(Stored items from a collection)
────

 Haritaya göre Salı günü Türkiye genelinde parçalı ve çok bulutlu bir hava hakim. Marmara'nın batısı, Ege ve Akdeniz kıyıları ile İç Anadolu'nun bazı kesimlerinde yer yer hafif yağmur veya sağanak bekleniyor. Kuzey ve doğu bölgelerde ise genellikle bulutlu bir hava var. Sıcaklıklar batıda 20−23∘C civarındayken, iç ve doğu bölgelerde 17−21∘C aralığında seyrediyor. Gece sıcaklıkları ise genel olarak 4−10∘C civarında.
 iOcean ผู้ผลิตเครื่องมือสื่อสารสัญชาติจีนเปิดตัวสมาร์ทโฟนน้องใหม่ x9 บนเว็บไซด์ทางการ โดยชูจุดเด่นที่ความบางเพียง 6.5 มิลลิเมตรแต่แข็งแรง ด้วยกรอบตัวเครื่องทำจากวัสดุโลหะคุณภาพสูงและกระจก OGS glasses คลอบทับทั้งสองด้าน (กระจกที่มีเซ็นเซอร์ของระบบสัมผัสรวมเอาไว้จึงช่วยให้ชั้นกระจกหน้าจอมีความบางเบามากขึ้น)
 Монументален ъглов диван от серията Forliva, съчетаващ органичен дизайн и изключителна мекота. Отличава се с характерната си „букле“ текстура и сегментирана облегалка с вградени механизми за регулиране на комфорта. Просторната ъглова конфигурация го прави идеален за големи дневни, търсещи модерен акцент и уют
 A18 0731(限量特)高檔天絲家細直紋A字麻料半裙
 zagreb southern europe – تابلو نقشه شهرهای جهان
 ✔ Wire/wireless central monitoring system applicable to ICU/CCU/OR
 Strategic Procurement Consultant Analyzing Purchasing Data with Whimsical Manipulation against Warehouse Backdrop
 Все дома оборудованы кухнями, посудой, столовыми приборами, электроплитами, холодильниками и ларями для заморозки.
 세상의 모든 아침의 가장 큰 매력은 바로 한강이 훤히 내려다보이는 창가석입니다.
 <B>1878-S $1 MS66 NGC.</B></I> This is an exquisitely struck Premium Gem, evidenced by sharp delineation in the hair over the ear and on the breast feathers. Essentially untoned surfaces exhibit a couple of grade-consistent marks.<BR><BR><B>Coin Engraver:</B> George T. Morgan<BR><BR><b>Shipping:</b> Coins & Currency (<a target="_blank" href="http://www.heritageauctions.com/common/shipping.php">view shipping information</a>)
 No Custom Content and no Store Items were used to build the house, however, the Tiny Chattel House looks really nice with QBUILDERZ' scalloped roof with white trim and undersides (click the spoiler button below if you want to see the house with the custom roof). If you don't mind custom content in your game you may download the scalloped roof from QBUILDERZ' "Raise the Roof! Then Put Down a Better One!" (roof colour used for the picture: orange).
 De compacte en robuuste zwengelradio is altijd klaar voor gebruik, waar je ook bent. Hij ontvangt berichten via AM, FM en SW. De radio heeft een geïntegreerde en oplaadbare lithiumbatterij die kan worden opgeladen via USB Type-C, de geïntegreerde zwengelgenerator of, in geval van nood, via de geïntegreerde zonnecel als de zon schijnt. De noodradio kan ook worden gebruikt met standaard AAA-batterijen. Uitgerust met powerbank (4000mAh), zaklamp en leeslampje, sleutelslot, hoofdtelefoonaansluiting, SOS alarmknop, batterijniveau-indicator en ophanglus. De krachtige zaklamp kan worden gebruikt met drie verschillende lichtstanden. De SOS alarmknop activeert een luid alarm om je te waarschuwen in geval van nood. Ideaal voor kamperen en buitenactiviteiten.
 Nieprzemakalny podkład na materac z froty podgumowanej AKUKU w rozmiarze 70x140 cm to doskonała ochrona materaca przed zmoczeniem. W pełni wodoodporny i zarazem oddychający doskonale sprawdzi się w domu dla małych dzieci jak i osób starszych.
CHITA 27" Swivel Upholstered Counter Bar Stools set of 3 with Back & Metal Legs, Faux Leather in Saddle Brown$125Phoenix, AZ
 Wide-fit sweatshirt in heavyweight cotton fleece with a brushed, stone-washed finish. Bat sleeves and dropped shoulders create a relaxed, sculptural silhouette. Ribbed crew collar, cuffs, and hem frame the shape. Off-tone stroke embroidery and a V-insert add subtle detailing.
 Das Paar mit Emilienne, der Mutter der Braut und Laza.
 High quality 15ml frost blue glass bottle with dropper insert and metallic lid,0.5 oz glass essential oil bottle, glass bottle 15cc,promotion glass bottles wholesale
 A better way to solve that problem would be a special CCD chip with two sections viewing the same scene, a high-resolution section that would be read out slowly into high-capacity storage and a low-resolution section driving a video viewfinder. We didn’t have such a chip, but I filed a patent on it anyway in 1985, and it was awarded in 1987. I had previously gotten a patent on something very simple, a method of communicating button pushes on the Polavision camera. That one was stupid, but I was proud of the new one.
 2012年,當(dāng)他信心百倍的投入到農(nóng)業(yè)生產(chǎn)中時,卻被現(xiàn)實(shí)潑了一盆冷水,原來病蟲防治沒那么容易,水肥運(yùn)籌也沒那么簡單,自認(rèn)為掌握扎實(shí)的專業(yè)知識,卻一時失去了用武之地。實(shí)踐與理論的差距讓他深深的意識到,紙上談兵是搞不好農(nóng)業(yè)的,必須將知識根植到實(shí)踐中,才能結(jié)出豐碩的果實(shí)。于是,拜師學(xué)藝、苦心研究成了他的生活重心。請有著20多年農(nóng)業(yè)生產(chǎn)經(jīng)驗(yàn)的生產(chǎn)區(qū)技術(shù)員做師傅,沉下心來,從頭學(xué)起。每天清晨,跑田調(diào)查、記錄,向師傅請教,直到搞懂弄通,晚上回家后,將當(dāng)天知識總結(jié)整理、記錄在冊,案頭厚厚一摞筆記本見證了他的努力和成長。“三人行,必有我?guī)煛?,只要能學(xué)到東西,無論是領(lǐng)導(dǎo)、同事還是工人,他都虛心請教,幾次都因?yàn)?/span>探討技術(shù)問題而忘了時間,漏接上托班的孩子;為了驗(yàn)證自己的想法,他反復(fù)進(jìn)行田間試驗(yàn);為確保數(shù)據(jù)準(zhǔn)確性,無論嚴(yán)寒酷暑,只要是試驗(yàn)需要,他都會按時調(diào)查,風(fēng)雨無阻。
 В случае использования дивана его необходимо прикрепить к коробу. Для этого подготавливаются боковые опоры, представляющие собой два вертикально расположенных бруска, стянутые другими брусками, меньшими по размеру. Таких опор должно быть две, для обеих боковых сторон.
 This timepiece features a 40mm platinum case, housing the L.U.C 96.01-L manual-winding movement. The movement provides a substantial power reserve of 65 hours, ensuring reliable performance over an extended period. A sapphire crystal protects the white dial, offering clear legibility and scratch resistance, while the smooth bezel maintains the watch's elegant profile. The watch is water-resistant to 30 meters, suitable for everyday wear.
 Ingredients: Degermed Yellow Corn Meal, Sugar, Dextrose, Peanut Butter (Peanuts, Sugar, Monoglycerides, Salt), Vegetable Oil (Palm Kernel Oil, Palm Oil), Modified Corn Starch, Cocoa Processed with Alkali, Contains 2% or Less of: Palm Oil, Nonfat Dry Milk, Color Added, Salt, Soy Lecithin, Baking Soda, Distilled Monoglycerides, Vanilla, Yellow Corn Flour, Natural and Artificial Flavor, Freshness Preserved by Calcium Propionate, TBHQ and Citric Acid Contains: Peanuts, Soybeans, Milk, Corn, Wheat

────

Lines above with "insert": state how many, nothing more.

2